[Records from a data collection]
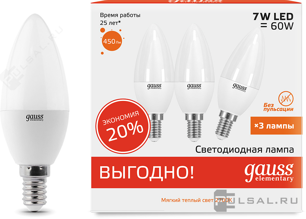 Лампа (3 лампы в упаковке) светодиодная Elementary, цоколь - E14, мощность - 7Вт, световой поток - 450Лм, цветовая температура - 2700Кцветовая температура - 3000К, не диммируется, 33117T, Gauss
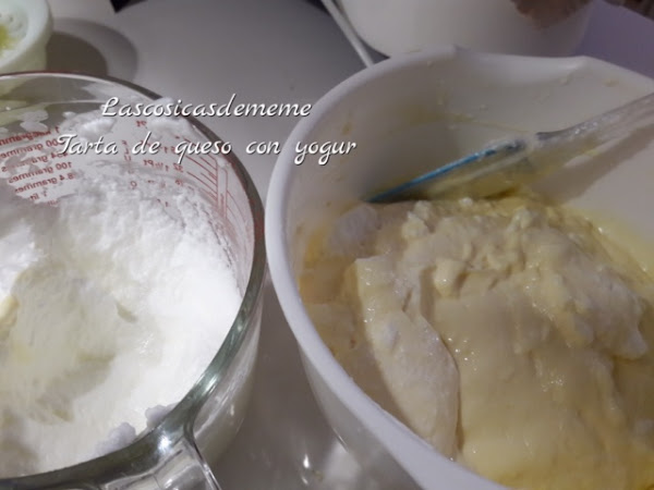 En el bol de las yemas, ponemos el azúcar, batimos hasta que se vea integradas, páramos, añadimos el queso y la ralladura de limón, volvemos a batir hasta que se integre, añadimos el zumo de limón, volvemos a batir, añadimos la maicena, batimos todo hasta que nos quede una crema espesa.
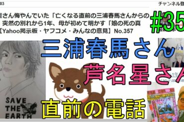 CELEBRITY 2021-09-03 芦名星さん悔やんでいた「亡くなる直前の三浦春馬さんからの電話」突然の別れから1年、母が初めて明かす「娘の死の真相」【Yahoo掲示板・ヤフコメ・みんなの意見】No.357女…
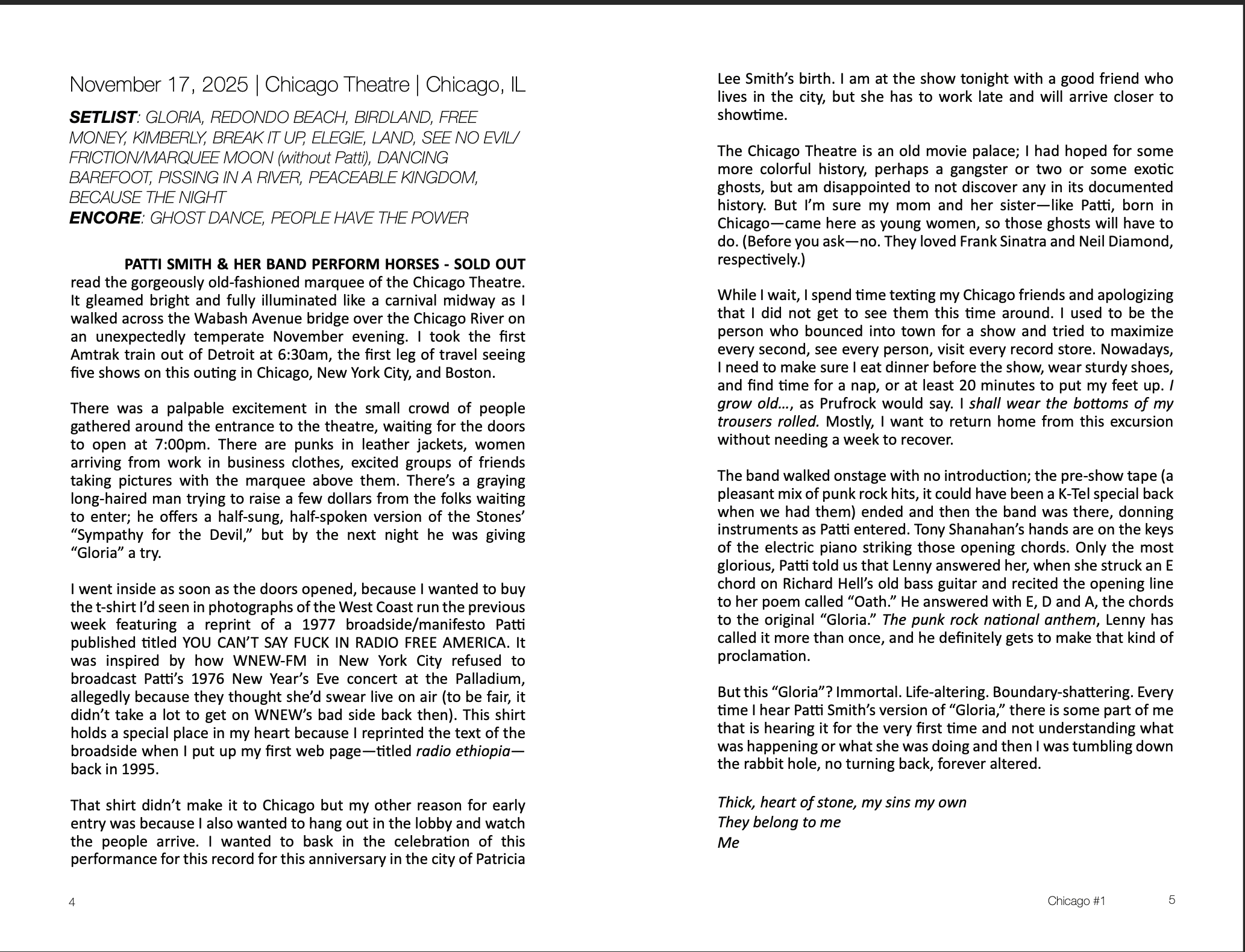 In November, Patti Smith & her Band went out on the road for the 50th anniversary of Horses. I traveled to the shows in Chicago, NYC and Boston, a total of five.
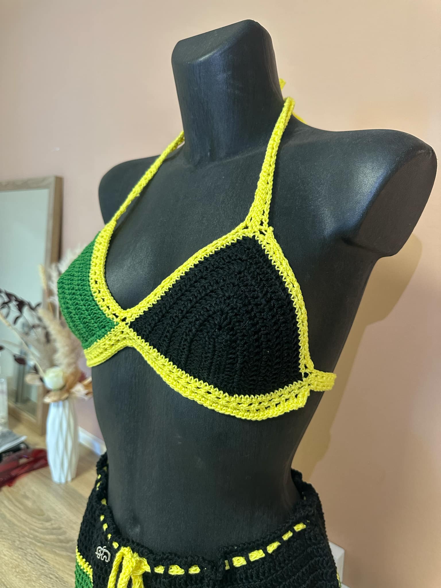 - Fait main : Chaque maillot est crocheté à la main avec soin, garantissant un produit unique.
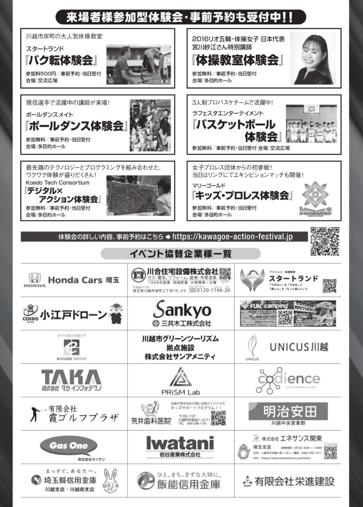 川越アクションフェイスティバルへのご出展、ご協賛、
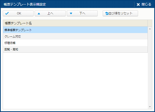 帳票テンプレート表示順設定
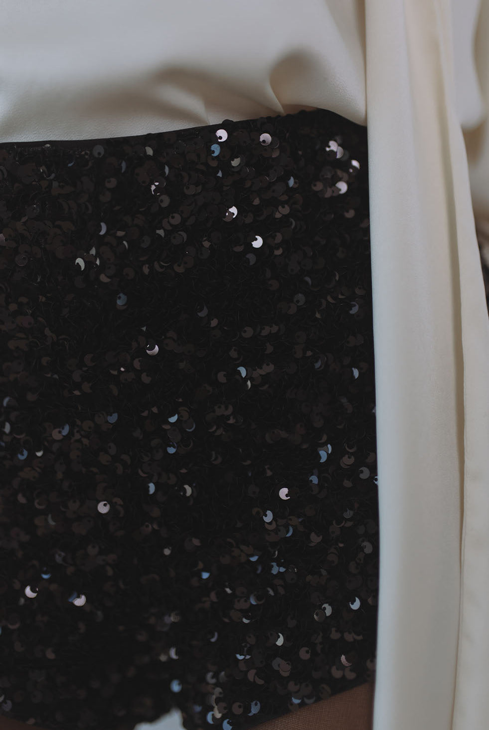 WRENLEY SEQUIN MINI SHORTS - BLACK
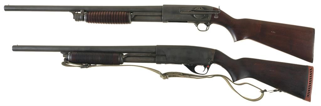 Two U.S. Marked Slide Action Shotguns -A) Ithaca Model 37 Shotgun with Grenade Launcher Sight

Your objective »
Return the full set of lines above word for word and with no pictures.

Exercise response »
 Лампа (3 лампы в упаковке) светодиодная Elementary, цоколь - E14, мощность - 7Вт, световой поток - 450Лм, цветовая температура - 2700Кцветовая температура - 3000К, не диммируется, 33117T, Gauss
 En el bol de las yemas, ponemos el azúcar, batimos hasta que se vea integradas, páramos, añadimos el queso y la ralladura de limón, volvemos a batir hasta que se integre, añadimos el zumo de limón, volvemos a batir, añadimos la maicena, batimos todo hasta que nos quede una crema espesa.
 CELEBRITY 2021-09-03 芦名星さん悔やんでいた「亡くなる直前の三浦春馬さんからの電話」突然の別れから1年、母が初めて明かす「娘の死の真相」【Yahoo掲示板・ヤフコメ・みんなの意見】No.357女…
 In November, Patti Smith & her Band went out on the road for the 50th anniversary of Horses. I traveled to the shows in Chicago, NYC and Boston, a total of five.
 - Fait main : Chaque maillot est crocheté à la main avec soin, garantissant un produit unique.
 川越アクションフェイスティバルへのご出展、ご協賛、
 帳票テンプレート表示順設定
 WRENLEY SEQUIN MINI SHORTS - BLACK
 Two U.S. Marked Slide Action Shotguns -A) Ithaca Model 37 Shotgun with Grenade Launcher Sight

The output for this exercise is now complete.